ReFocusEraser: Refocusing for Small Object Removal with Robust Context-Shadow Repair¶
Conference: ICLR 2026
OpenReview: https://openreview.net/forum?id=OkNxZGenYr
Code: https://github.com/ProAirVerse/ReFocusEraser.git
Area: Diffusion Models / Image Editing
Keywords: Object removal, image inpainting, small objects, camera refocusing, shadow repair
TL;DR¶
Addressing the issue of detail loss when diffusion models remove small objects, ReFocusEraser utilizes "Camera-adaptive magnification + LoRA fine-tuning" to enlarge and repair small targets first, followed by "Mask-based stitching + Seam-Shadow Aware Decoder" to seamlessly re-insert them into the original image while automatically removing residual shadows. This elevates the PSNR from 25.0 to 31.3 on the RORD dataset.
Background & Motivation¶
Background: Object removal aims to fill user-defined masked regions with semantically coherent backgrounds. Currently, the most powerful approaches are diffusion-based methods (RePaint, CLIPAway, PowerPaint, OmniEraser, etc.), which rely on various explicit guidances (sampling known pixels, AlphaCLIP for foreground-background separation, task prompts, independent guidance) to ensure generated content fits the background rather than creating new objects.
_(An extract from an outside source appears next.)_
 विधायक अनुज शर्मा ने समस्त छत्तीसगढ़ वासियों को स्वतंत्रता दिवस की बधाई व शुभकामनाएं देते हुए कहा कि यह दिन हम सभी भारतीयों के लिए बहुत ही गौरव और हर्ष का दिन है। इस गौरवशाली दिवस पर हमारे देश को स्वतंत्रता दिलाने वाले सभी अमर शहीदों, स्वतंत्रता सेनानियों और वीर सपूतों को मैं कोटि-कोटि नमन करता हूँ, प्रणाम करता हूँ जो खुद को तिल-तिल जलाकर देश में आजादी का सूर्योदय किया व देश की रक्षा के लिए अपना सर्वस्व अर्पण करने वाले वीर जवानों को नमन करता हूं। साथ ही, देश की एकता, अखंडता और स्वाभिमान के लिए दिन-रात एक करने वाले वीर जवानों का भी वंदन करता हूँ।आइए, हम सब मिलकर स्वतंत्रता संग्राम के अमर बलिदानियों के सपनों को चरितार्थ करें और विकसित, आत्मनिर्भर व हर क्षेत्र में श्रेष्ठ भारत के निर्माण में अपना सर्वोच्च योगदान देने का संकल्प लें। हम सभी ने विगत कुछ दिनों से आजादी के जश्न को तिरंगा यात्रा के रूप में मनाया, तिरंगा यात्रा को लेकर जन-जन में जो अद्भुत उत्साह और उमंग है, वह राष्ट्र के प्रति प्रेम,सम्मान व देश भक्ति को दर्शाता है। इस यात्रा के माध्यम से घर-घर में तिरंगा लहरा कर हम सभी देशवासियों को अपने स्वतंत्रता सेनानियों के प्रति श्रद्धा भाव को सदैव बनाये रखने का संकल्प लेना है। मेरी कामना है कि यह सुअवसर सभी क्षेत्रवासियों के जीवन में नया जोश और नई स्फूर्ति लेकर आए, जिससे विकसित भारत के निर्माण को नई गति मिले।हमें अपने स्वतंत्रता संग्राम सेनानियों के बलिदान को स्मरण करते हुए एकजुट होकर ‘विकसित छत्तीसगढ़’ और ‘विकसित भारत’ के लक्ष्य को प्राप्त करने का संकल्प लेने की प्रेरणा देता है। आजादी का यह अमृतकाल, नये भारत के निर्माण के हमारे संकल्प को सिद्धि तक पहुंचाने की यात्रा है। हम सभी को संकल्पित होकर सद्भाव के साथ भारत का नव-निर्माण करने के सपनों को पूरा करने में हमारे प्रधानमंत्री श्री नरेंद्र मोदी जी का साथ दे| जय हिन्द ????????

Limitations of Prior Work: These methods generally fail when removing small objects, as structural and textural details cannot be restored. The root cause lies in the fixed downsampling compression rate of the diffusion model's VAE encoder: large objects occupy many pixels and retain most structures after compression, whereas small objects may consist of only a few pixels, causing almost all high-frequency details to be discarded during encoding (visually demonstrated in Figure 1(b) of the paper). The decoder cannot recover these details through upsampling alone.
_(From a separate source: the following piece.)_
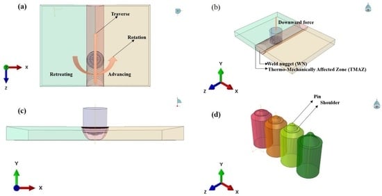 FSW and tool schematics. (a) Top; (b) side; (c) front; (d) tool designs. Images not to scale.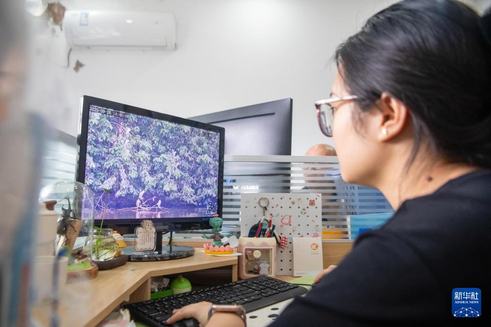 9月26日,重慶市梁平區濕地保護中心工作人員呂妮洪在保護中心內對采集數據進行整理。

Key Challenge: The VAE compression rate is fixed, placing small regions at a natural disadvantage. While direct fine-tuning of the entire VAE can alleviate this, it is costly, requires massive data, and is prone to instability or posterior collapse, which destroys generation diversity—creating a dilemma where "preserving detail requires modifying the VAE, but modifying the VAE introduces new problems."
Key Insight: The authors draw inspiration from camera zoom in real-world photography—distant scenes can become close-ups by adjusting focal length, "pulling in and magnifying" distant subjects. Since VAEs are friendly to large regions, why not enlarge small targets before feeding them into the VAE? Repair after enlargement, then shrink and stitch back. This bypasses the bottleneck of fixed VAE compression without modifying the VAE itself.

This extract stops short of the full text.